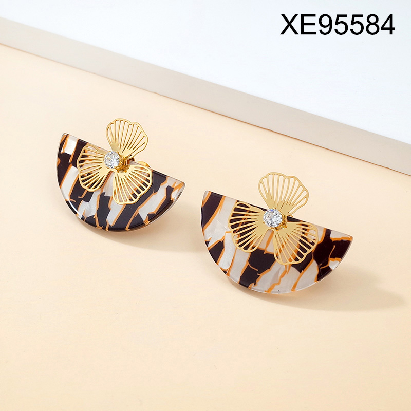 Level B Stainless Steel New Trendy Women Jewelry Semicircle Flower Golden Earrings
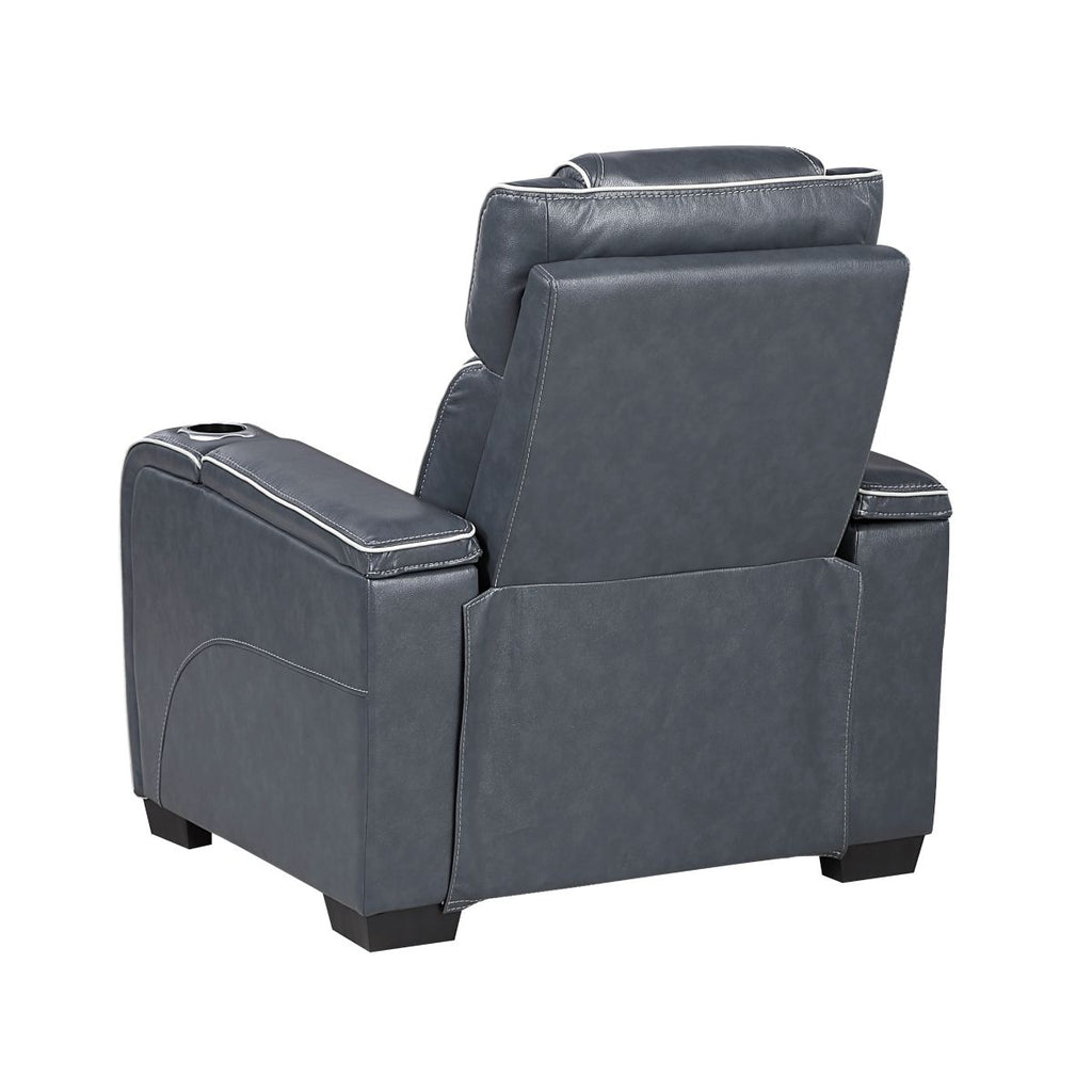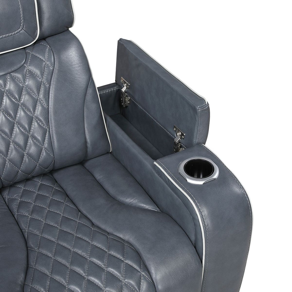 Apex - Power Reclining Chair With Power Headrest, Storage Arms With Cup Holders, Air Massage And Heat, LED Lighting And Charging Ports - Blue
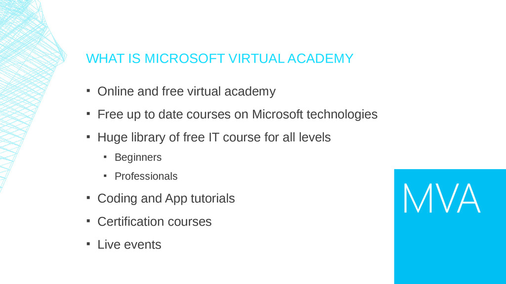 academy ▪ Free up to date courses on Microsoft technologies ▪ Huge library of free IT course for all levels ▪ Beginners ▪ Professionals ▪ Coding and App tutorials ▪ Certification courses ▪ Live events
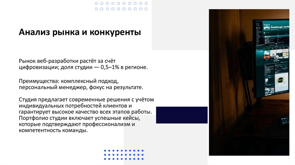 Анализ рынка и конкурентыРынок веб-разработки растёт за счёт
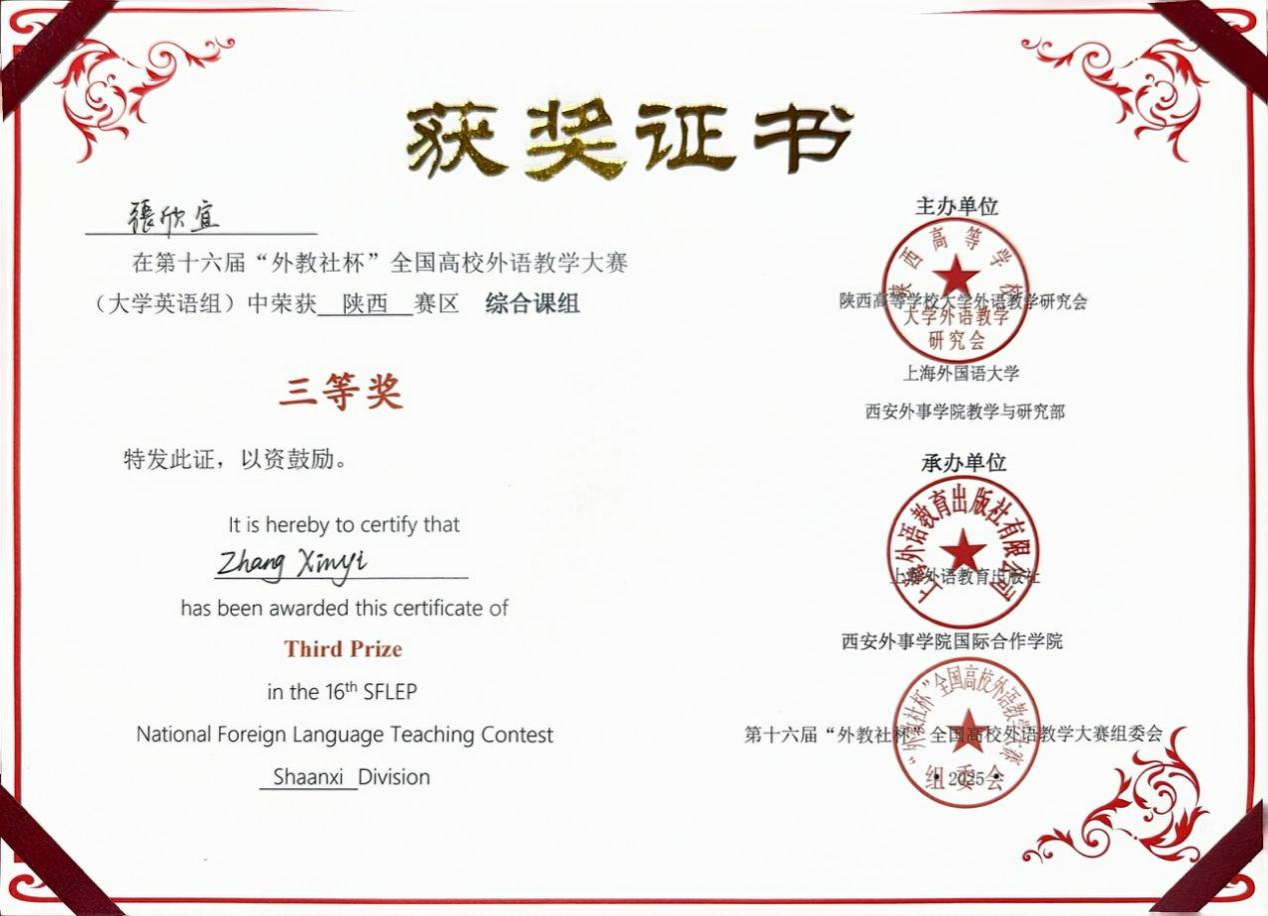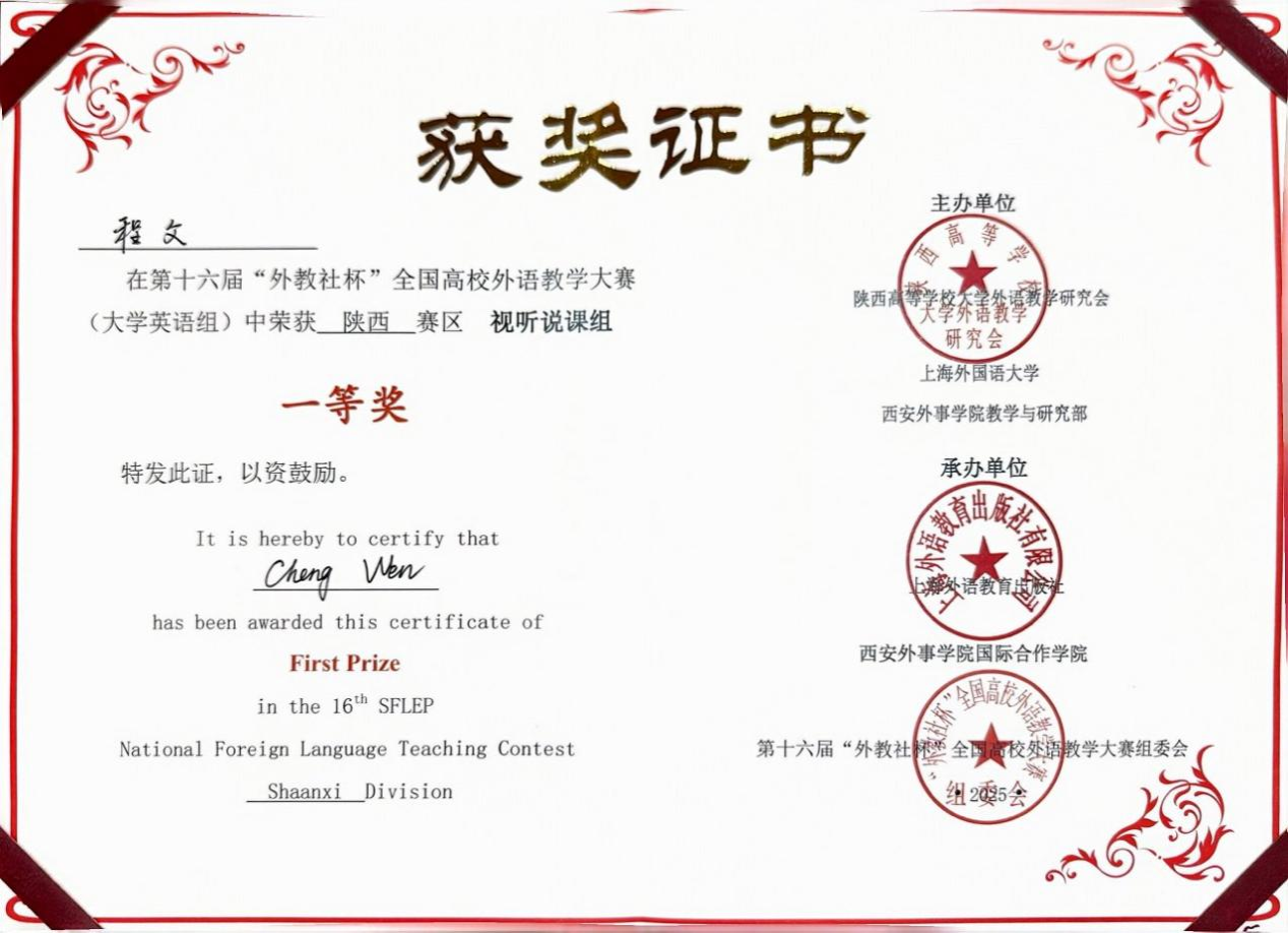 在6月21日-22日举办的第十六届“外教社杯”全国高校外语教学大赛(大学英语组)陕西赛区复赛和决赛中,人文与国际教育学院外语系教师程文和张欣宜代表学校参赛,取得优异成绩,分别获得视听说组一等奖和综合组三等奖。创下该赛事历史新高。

---

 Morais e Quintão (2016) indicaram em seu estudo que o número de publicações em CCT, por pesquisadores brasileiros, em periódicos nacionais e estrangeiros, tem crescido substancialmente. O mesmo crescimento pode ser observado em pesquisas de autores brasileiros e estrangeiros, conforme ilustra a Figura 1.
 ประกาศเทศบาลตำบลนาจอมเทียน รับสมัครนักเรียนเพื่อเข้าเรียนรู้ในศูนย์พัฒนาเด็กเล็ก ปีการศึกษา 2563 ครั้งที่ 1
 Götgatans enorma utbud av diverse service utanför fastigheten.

...

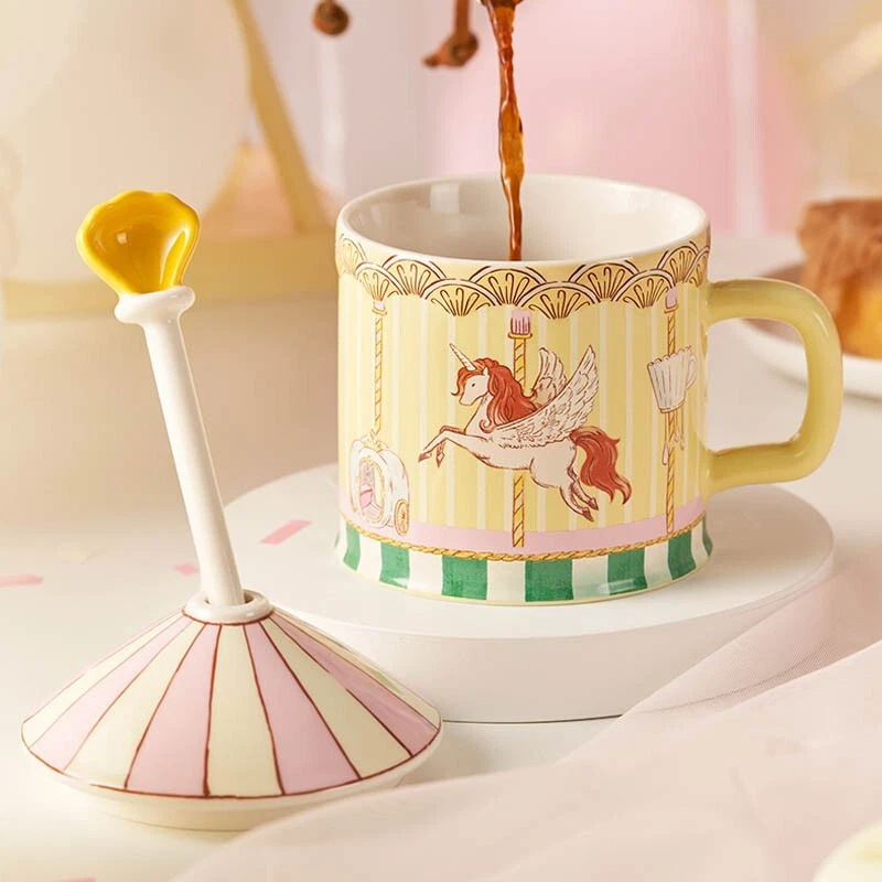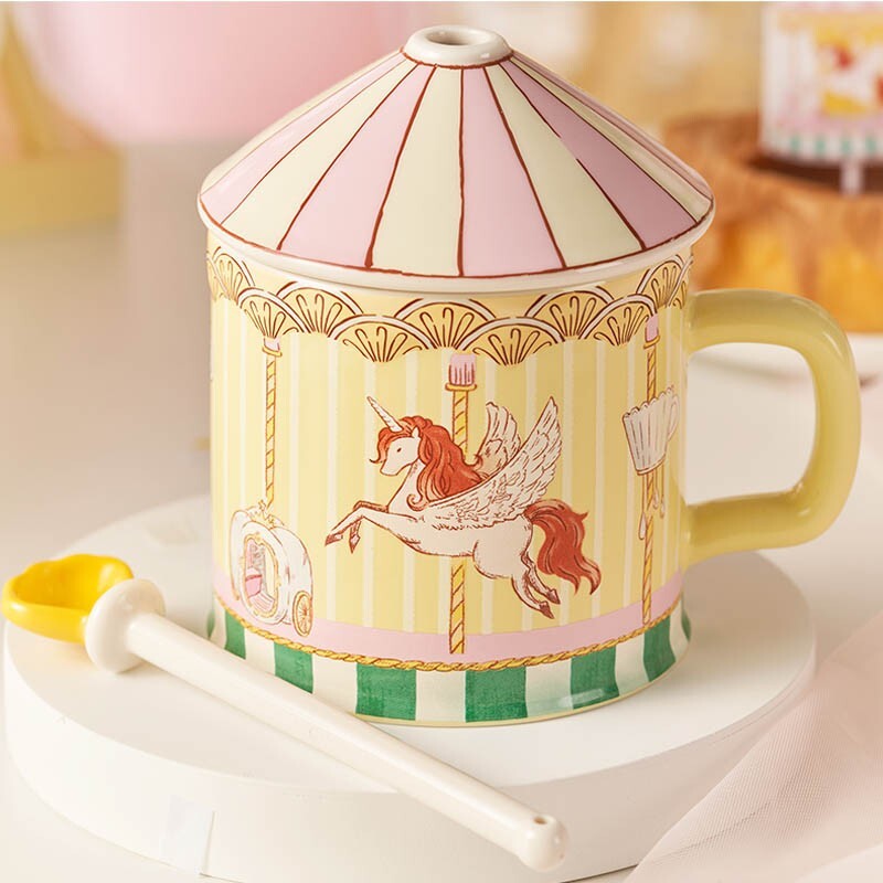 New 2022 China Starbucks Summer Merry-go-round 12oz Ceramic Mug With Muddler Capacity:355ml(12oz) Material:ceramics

Required action:
Each line above starting at the one holding "Level B Stainless" and ending at the one holding "在6月21日-22日举办的第" should be set down exactly as it stands, both ends included, with no pictures.

Task response:
 Level B Stainless Steel New Trendy Women Jewelry Semicircle Flower Golden Earrings
 Apex - Power Reclining Chair With Power Headrest, Storage Arms With Cup Holders, Air Massage And Heat, LED Lighting And Charging Ports - Blue
 academy ▪ Free up to date courses on Microsoft technologies ▪ Huge library of free IT course for all levels ▪ Beginners ▪ Professionals ▪ Coding and App tutorials ▪ Certification courses ▪ Live events
 Анализ рынка и конкурентыРынок веб-разработки растёт за счёт
 在6月21日-22日举办的第十六届“外教社杯”全国高校外语教学大赛(大学英语组)陕西赛区复赛和决赛中,人文与国际教育学院外语系教师程文和张欣宜代表学校参赛,取得优异成绩,分别获得视听说组一等奖和综合组三等奖。创下该赛事历史新高。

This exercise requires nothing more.